The current implementation hard-codes the ordering and each primitive runs as a single subagent spawn without iterative refinement. The vision is explicit phase composition where users define ordered phases, each phase being a full MassGen coordination (with its own agents, rounds, primitives, and checklist gates):

```yaml
# Conceptual — not yet implemented
phases:
  - name: persona_generation
    coordination:
      agents: 3
      max_rounds: 2
      checklist_criteria: persona  # uses persona-specific gates from above
    output_type: personas
    feeds_into: [plan, execute]    # which phases consume this output

  - name: plan
    coordination:
      agents: 5
      max_rounds: 4
      persona_generator:
        enabled: true             # personas for the planners themselves
      checklist_criteria: prompt  # plan judged as a brief/prompt
    output_type: plan
    feeds_into: [execute]

  - name: execute
    coordination:
      agents: 3
      max_rounds: 6
      personas: $phases.persona_generation.output
      evaluation_criteria_generator:
        enabled: true
      checklist_criteria: auto
    input: $phases.plan.output
```

Each phase is a full coordination with its own quality gates.
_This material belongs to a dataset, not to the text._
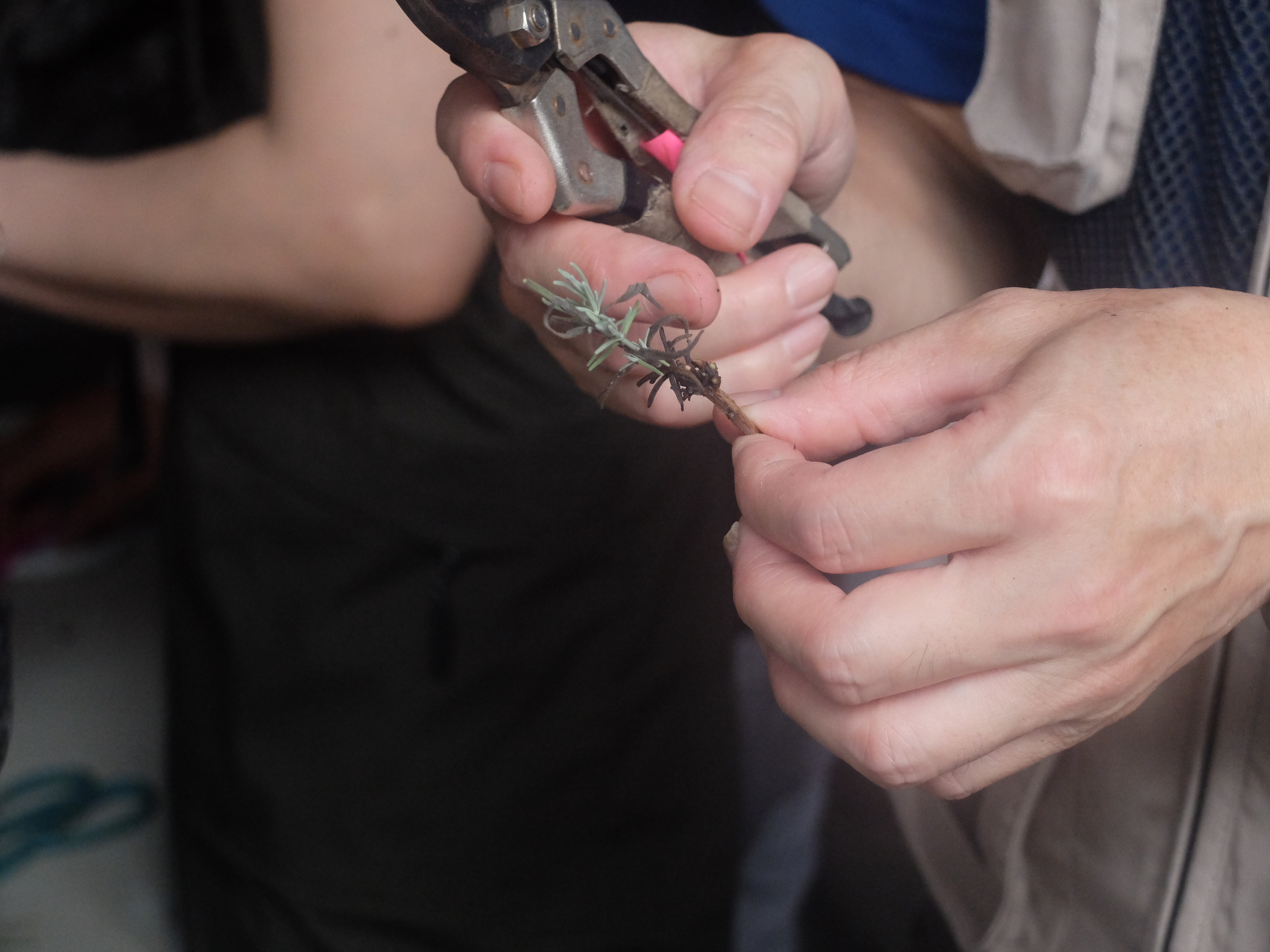 ラベンダーの剪定に適した時期やなぜ剪定するのか、どこを剪定したら良いのか、また、ふやす方法の1つの「挿し木」について必要な道具や手順、挿し穂の採取方法などを学びました。
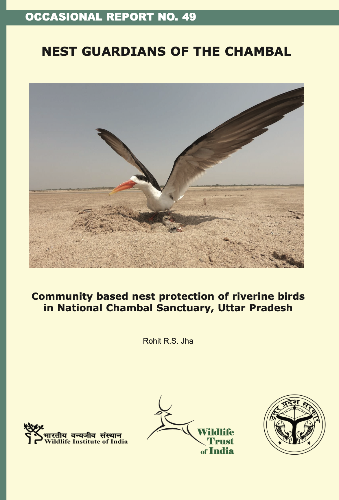 The National Chambal Sanctuary (NCS) is India’s only tri-state riverine Sanctuary and is the breeding ground of endangered Indian Skimmers (Rynchops albicollis). Past scientific projects reported that low water flow conditions in the river made way for predators like dogs and jackals resulting in egg/chick predation, as well as unintentional trampling by cattle and human movement. Recognizing that effective protection of nests and chicks required constant monitoring, a WTI Rapid Action Project was implemented to pilot a nesting-island protection programme involving members of the local community, State Forest Department and conservationists. This Occasional Report covers the project activities which resulted in two Indian Skimmer nesting sites being protected, where 42 nests were active with 54 Indian Skimmer fledglings.

The output of one phase feeds specific injection points in the next. This is where the combinatorial power lives — and finding the right compositions for different task types is one of MassGen's most important ongoing research directions.

The space is vast: different personas for planning vs. execution, different evaluation criteria per plan chunk, decomposition within one phase but parallel in another, recursive refinement of the primitives themselves. The primitives are simple; the compositions are where the magic happens.